During an interview, he described the party’s southern strategy this way, “You start out in 1954 by saying, “Nigger, nigger, nigger.” By 1968 you can’t say “nigger” — that hurts you. Backfires. So you say stuff like forced busing, states’ rights and all that stuff. You’re getting so abstract now [that] you’re talking about cutting taxes, and all these things you’re talking about are totally economic things and a byproduct of them is [that] blacks get hurt worse than whites. And subconsciously maybe that is part of it. I’m not saying that. But I’m saying that if it is getting that abstract, and that coded, that we are doing away with the racial problem one way or the other. You follow me — because obviously sitting around saying, “We want to cut this,” is much more abstract than even the busing thing, and a hell of a lot more abstract than “Nigger, nigger.”

In other words, the party stopped using the overt language of Jim Crow and resorted to dog whistles, instead. But things changed in 2008 when the nation’s first black president was elected. It’s not coincidental that GOP Sen. Mitch McConnell of Kentucky responded to the 2008 election results by vowing to make Barack Obama a one-term president and by successfully blocking much of his legislation. And the party’s rhetoric, once again, became more explicit. Many of the party’s faithful and conservative pundits felt comfortable using the N word to describe the president and his family. They held up racist posters and circulated racist memes. They denied he was a citizen, they demanded to see his birth certificate and they talked about sending him back to Kenya.

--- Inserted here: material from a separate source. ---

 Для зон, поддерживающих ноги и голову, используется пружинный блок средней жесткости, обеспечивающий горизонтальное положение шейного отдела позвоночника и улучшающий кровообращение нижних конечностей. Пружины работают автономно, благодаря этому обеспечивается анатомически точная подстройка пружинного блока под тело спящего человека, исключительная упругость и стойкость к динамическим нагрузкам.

In 2015, things only got worse when Donald J. Trump – the most vocal of the “birthers” – began his campaign for president as a Republican.

Trump had long been a racist. He was raised by parents who were members of the KKK. He had been charged with refusing to rent properties to people of color. He had run a full-page ad calling for the execution of five innocent young men of color who had been falsely accused. And when he took a momentary recess from tweeting, got off his gold-plated toilet, and came down the gold-plated escalator in Trump Tower to announce his candidacy for president of the United States, he began by calling Mexican immigrants murderers, rapists and terrorists.

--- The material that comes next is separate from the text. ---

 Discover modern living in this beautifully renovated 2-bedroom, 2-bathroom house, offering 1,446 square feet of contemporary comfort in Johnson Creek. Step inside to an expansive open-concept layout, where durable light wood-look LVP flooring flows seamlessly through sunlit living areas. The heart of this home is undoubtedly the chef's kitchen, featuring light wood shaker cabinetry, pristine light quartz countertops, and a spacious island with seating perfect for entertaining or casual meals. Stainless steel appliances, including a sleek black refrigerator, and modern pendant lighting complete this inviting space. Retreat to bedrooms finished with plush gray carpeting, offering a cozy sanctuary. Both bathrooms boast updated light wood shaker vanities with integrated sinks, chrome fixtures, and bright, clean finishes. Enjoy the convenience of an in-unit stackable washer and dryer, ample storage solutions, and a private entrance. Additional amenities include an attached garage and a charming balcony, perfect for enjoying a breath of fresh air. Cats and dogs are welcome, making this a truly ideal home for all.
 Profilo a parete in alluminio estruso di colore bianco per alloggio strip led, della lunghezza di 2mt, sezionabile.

Central to Trump’s campaign was a promise to end “Political Correctness” – code for “It’s okay to be racist again.” One of his advisors and most powerful backers was Steve Bannon who, as editor of Breitbart News, called his website a platform for the alt-right, a nuanced name for white supremacists. In addition, many of Trump’s policies have been guided by Stephen Miller who has long circulated racist talking points by email and social media. Yet another advisor, and Trump’s first choice for Attorney General, was Sen. Jeff Sessions who clearly harbored racist beliefs. Even one of Trump’s campaign themes, “America First,” was originally used by Nazi sympathizers prior to the US entry into WWII. The theme has also been extensively used by the KKK.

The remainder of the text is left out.